- _TASK DIRECTIONS_
Pictures stay out of the copy; output exactly the lines from the one containing "Салонное зеркало заднего" through the end of the material.

[[ PROVIDED MATERIAL, beginning ]]

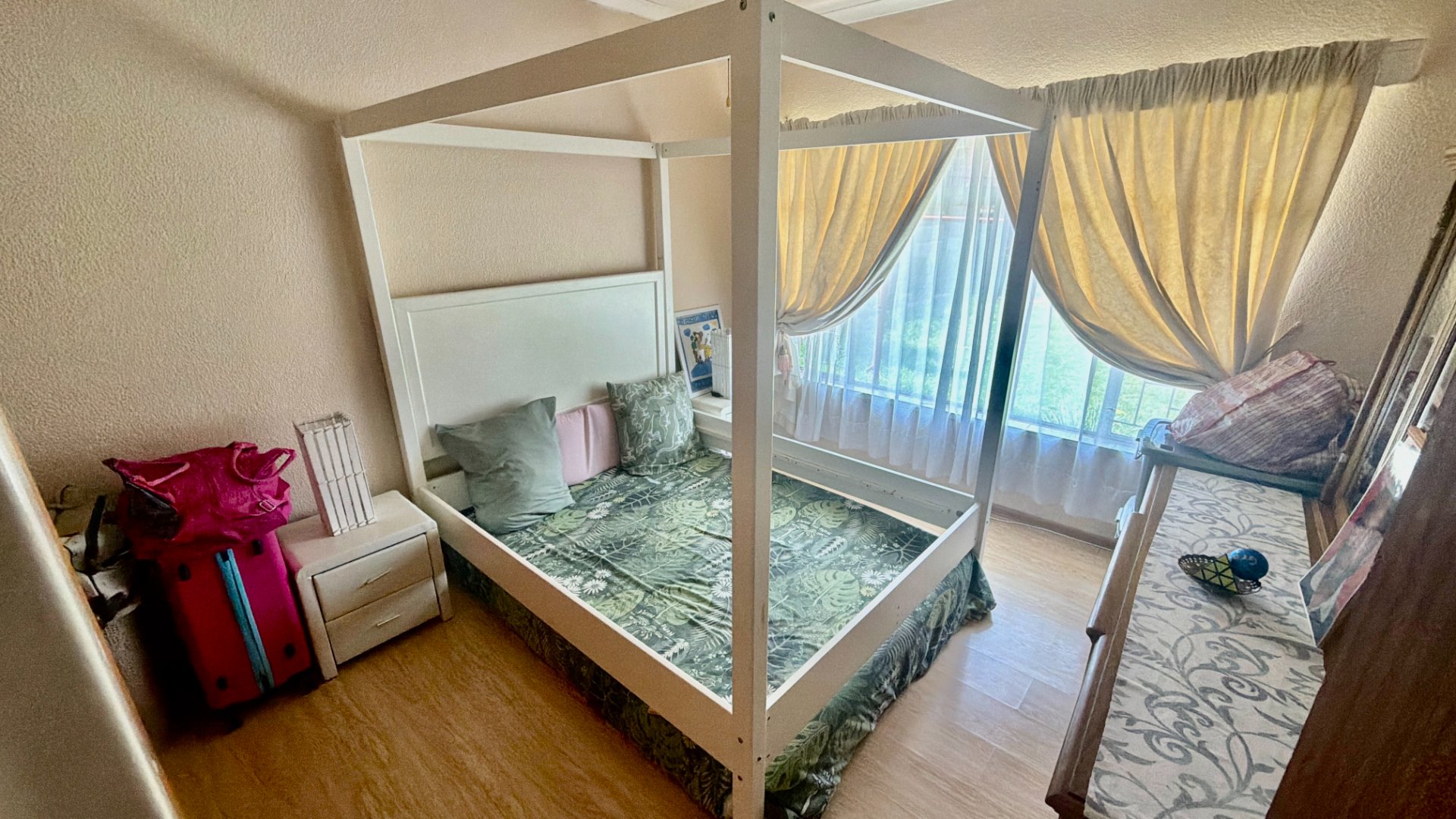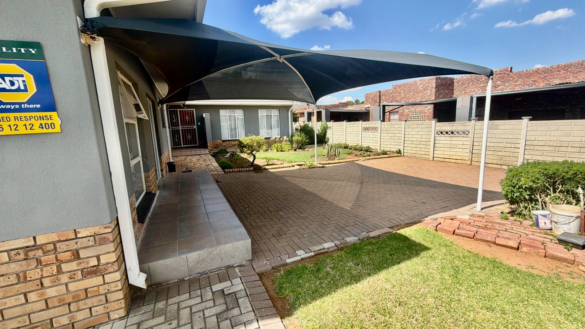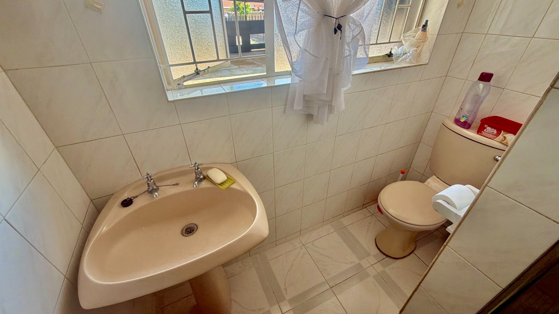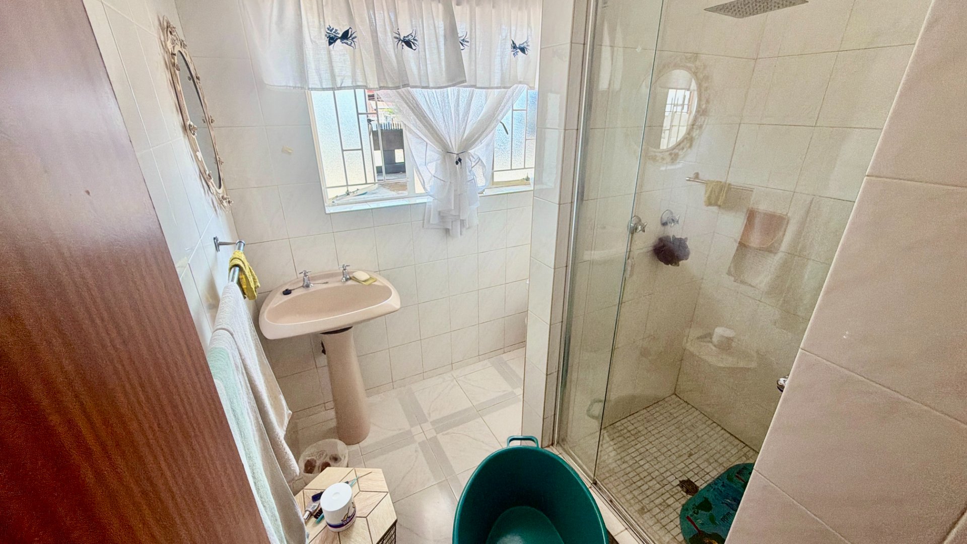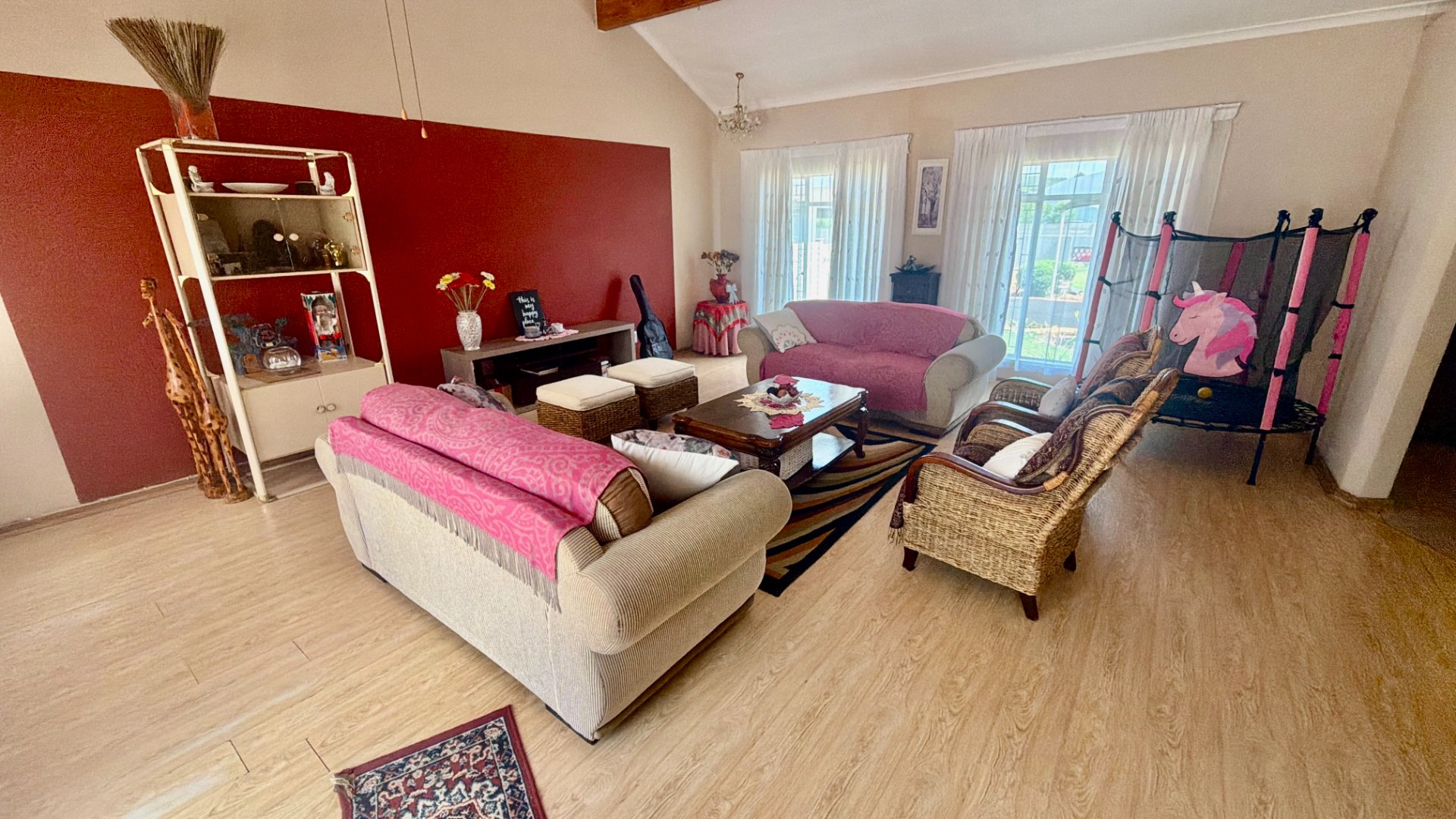 The main house features three spacious bedrooms, all fitted with laminated flooring and built-in cupboards. There are two neat bathrooms and a very spacious open-plan kitchen and dining area, flowing seamlessly into an equally spacious living room. The home is neatly painted and exceptionally well looked after, creating a warm and welcoming atmosphere throughout.
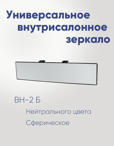 Салонное зеркало заднего вида Политех ВН-2Б, универсальное, сферическое, накладное, нейтральный антиблик, размер 305х70 мм.
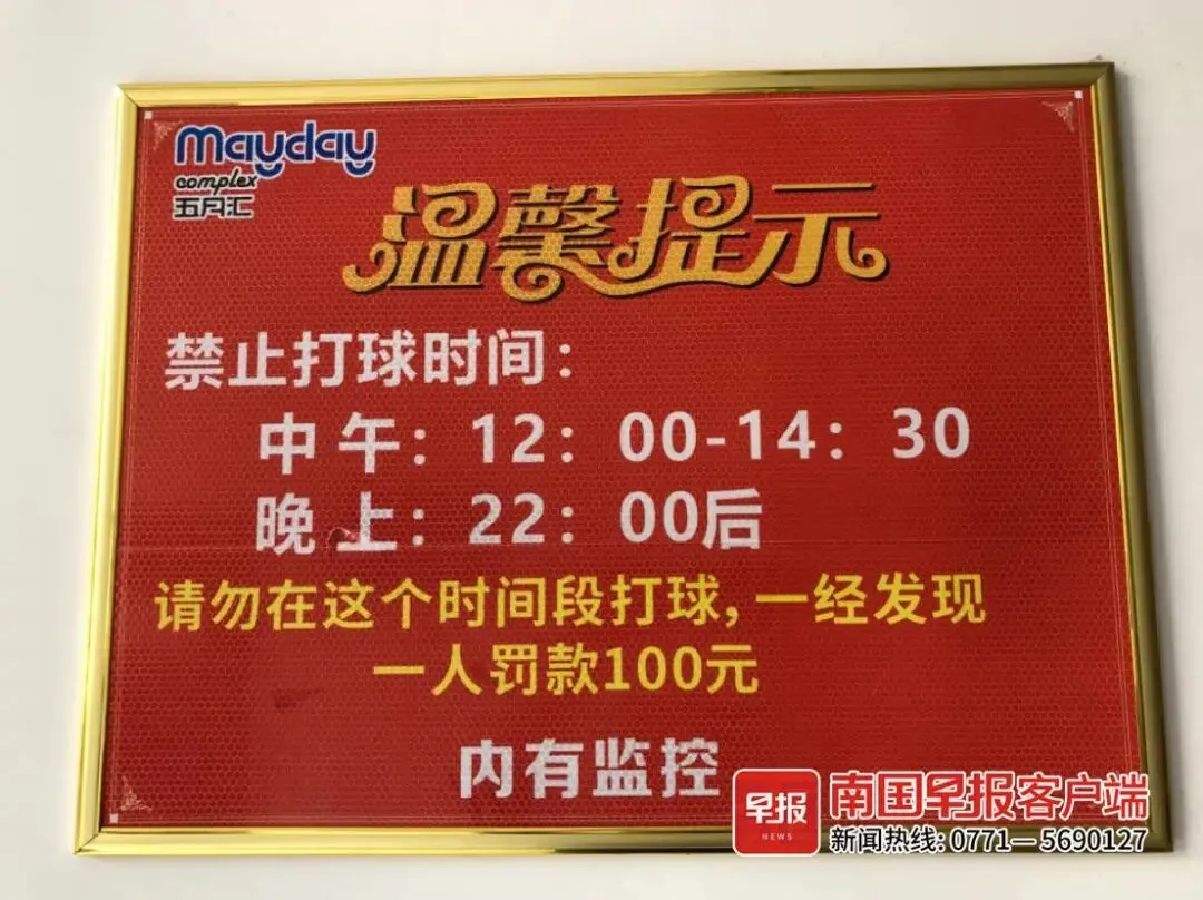 ▲五月天商贸城楼顶运动场张贴的打球时间提示。南国早报记者 程浩楠摄

[[ PROVIDED MATERIAL, end ]]

- _RESULT FOR THIS TASK_
 Салонное зеркало заднего вида Политех ВН-2Б, универсальное, сферическое, накладное, нейтральный антиблик, размер 305х70 мм.
 ▲五月天商贸城楼顶运动场张贴的打球时间提示。南国早报记者 程浩楠摄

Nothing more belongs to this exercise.